Results and discussion: A total of 53 projects have been funded under the scheme, with recipients across many NSW Health organisations. NSW Health has committed more than $24 million to date. Round one of the TRGS was received well by the policy makers, Local Health Districts and research stakeholders interviewed. Of particular note were: the requirement for Chief Executives to demonstrate strong support for the implementation of findings; requirements to partner with state-wide policy leads and clinical networks; and capacity-building outcomes of the scheme. The ongoing quality improvement processes indicate that the program continues to be well received, with improvements to partnership arrangements, and an acknowledgement of the challenge that arises because the scheme, by nature of its capacity-building aim, attracts proposals from a range of research experience.
Lessons learnt: The TRGS is filling an important gap in the research funding landscape in NSW and is well regarded by stakeholders. To ensure that the TRGS is achieving its intended aims, an evaluation of the impact of the scheme will take place during 2018–19.
Bridging the ‘gap’ between research evidence and the complexities of policy and practice is an ongoing challenge.1 Ignoring this gap denies or delays the community’s access to the most effective services and programs.2 Since 2015, the Translational Research Grants Scheme (TRGS) in New South Wales (NSW), Australia, has funded NSW Health services and specialty networks to conduct priority-driven clinical, health services and population health research. The NSW Ministry of Health (the Ministry) has the role of ‘system manager’ in relation to the NSW public health system, which operates public hospitals, as well as providing community health and other public health services, through a network of Local Health Districts, specialty networks and nongovernment affiliated health organisations, known collectively as NSW Health.
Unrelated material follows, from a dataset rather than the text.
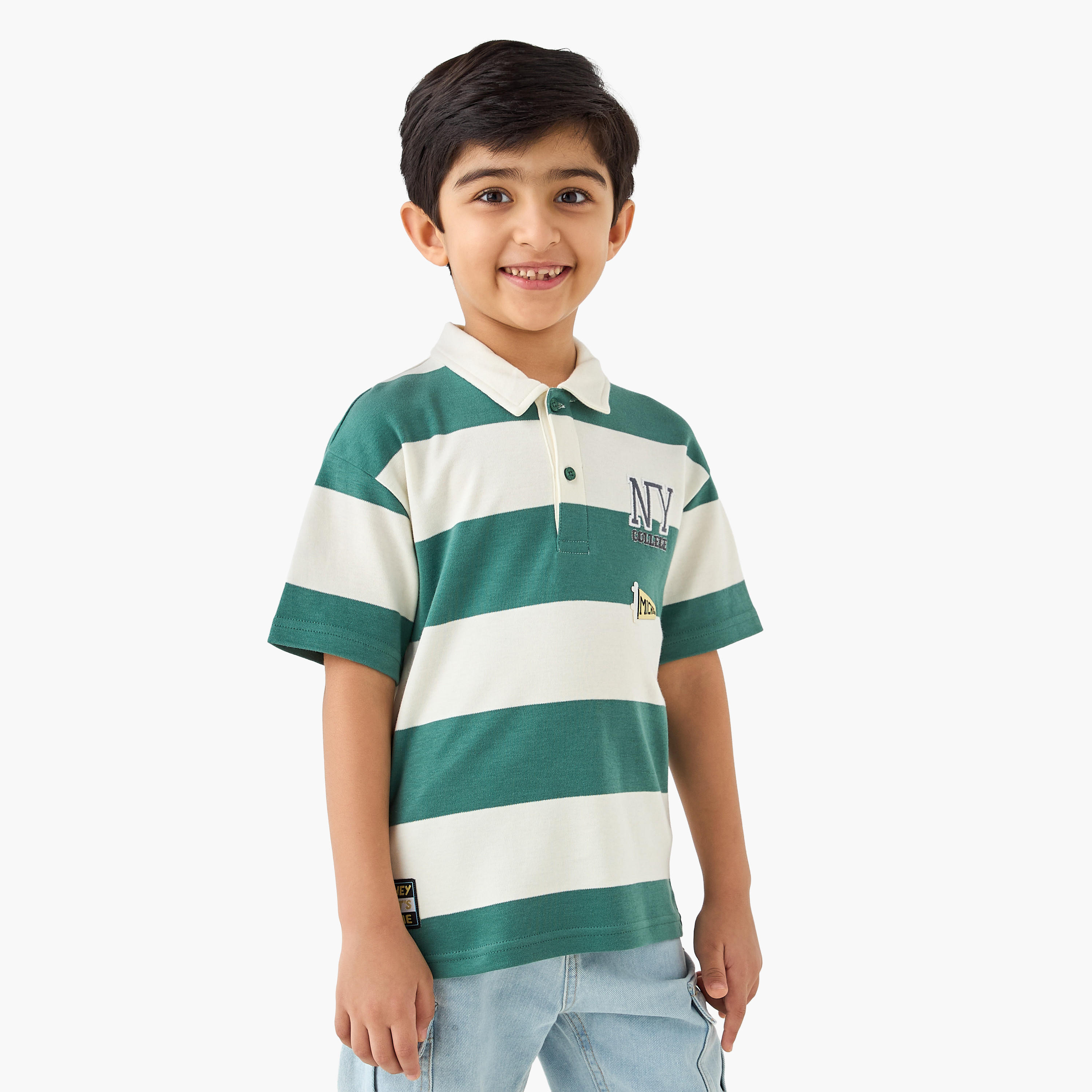 This polo T-shirt features a classic striped design and playful appliqué patches. The soft cotton material ensures comfortable all-day wear, making it perfect for playtime or casual outings. Pair this stylish polo tee with chinos or jeans for a smart, versatile look. This comfortable polo tee is a wardrobe essential for any young boy.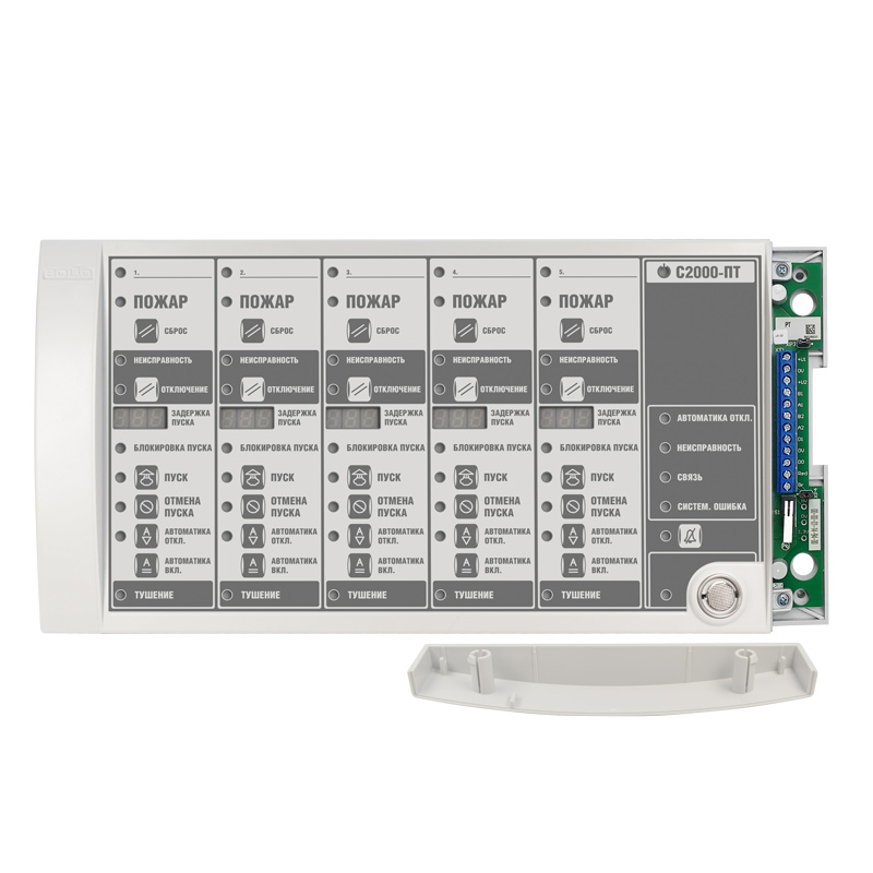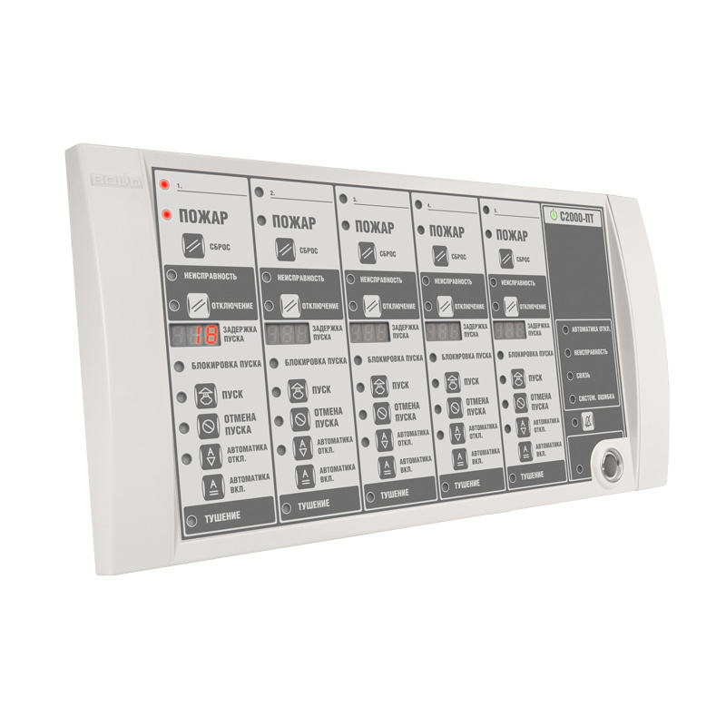 Блоки индикации системы пожаротушения «С2000-ПТ» и «С2000-ПТ 2RS485» предназначены для индикации состояния и дистанционного управления направлениями пожаротушения в составе автоматической установки газового, порошкового, аэрозольного пожаротушения или тушения тонкораспыленной водой. Блок предназначен для работы в составе ИСО «Орион», Блок «С2000-ПТ» отличается от блока «С2000-ПТ 2RS485» наличием второго резервного интерфейса RS-485 и возможностью управления 5 направлениями пожаротушения. «С2000-ПТ» обеспечивает работу 4 направлений пожаротушения.

The TRGS is intended to drive practice change by embedding research within health services. The scheme has five main objectives:
The TRGS is unique in the Australian context as chief investigators must be employees of an approved NSW Health organisation: a NSW Local Health District (LHD); a Specialty Health Network (SHN); Ambulance Service of NSW; or NSW Health Pathology. This requirement places health service staff in a leadership role, unlike traditional research funding schemes which are generally led by researchers.3,4,5 Priorities for the scheme are drawn from state-wide health plans; local strategic plans; and strategies designed to support the translation of research into policy, practice and/or health services delivery. Applicants first submit an expression of interest (EOI) and can then be invited to submit a full application. There have been three TRGS funding rounds to date, and a fourth round opened in July 2018. Further information is available on the Office for Health and Medical Research website: www.health.nsw.gov.au/ohmr/Pages/trgs.aspx
In order to foster a better understanding by the health service and research sectors about translational pathways, the NSW Ministry of Health collaborated with the independent organisation the Sax Institute to develop the TRGS Translational Research Framework (Figure 1).6 The framework describes a series of research steps moving from the development and testing of an innovative health service, program or policy; to testing the application of novel interventions that have worked in different circumstances or settings; through to system-wide application of innovations – reflecting the flow from innovation to system-wide testing and implementation at scale. Conceptual frameworks are important as they provide a common language to describe the processes and types of research associated with translation of research evidence into broader policy and practice.7 Applicants are encouraged to demonstrate an understanding of where proposed research projects sit on this continuum.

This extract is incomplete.